Posted in Articles, Arts, Autobiography, Media Archive, Social Justice on 2017-03-09 02:18Z by Steven

WPGM Commentary: I’m Mixed Race, Can I Speak On Black Issues?

We Plug Good Music
2017-02-24

Sophia Thakur


Photo Credit: Nikki Marie

My best friend turned to me, over seven years into our friendship and said “omg, you’re actually half black”. You would think that after seven years of putting up with my face, she would have realised this sooner. I wasn’t surprised however.

With both of my parents spending their early years adventuring the plains of West Africa (Gambia and Sierra Leone), my whole life has been a testament to Gambian culture. From the weekly family parties growing up, to the food and music that have become my most dominant discourse over the years and to anyone who blindly spends time with me; I am an entirely Gambian child. A small country, Kora loving, Benachin eating lady of the west. This is how I saw myself.

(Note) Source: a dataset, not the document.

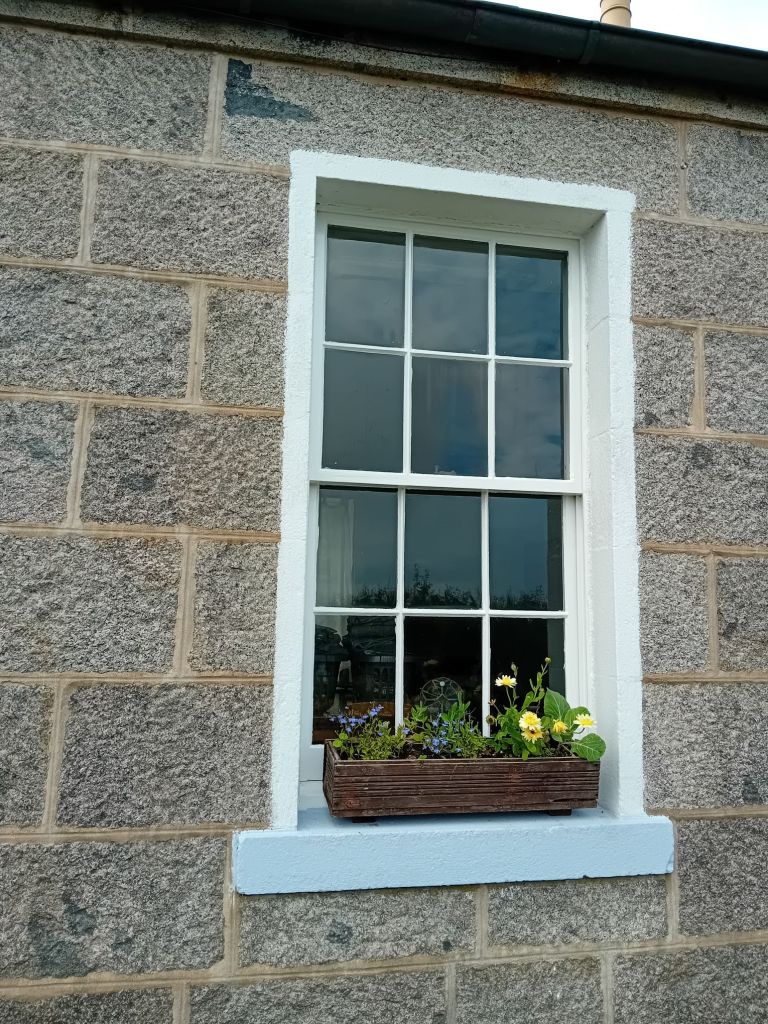 The houses are semi detached, single story cottages, built of the same slivery grey/black as the lighthouse. There are heavy, hard wood doors with thick bolts to keep them shut. The windows are generous to the north and shrink towards the south, where the new kitchens and bathrooms are. The wide fireplaces that were once open still have huge clothes airers, hoisted on ropes, above them. Cottage number one used to be a school for the lighthouse builders and keepers children, and also for other local children that made their way across the narrows each day from the mainland. After lessons, the children would help in the gardens or any other domestic tasks. When they were done with that a fair few would be seen running around the perimeter walls that act as much-needed wind breaks for the crops.
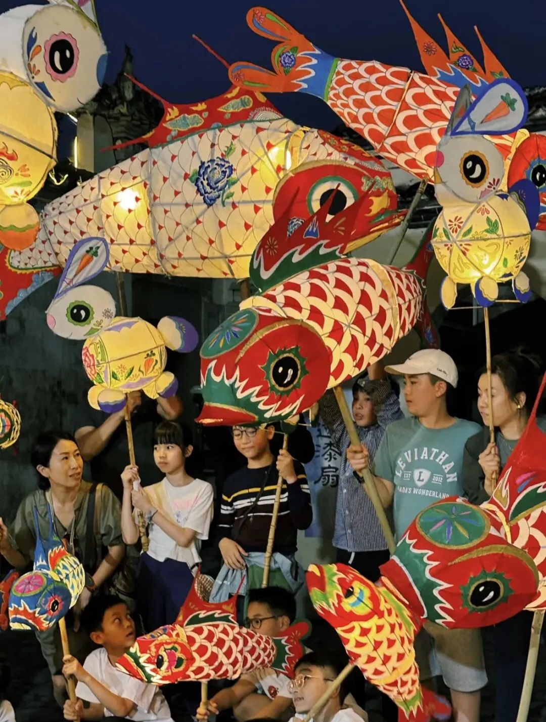 2. 色彩特点:传统鱼灯多用红、黄、金、蓝等鲜艳颜色,喜庆又醒目。

This overwhelming, unspoken of, sense of belonging had always felt like one of the biggest contributors to my creative work from the ages of 16-19. I’d spend months at a time writing and performing across the country at black history month events, black lives matter events and even the occasional pan-African event.

Throughout this part of my youth, I had never stopped to smell the roses. The roses, in this case, being an obvious reality to the untrained eye. I am not actually 100% Gambian, or black for that matter.

In a Love Jones type bar, during the winter of 2014, I found myself sharing a stage with a painter who’s role was to illustrate my words, live. Not only was this a cool spin on conventional poetry readings, but I was ecstatic about performing my new poem ‘Kermit’.

This excitement quickly turned into anxiety following my set…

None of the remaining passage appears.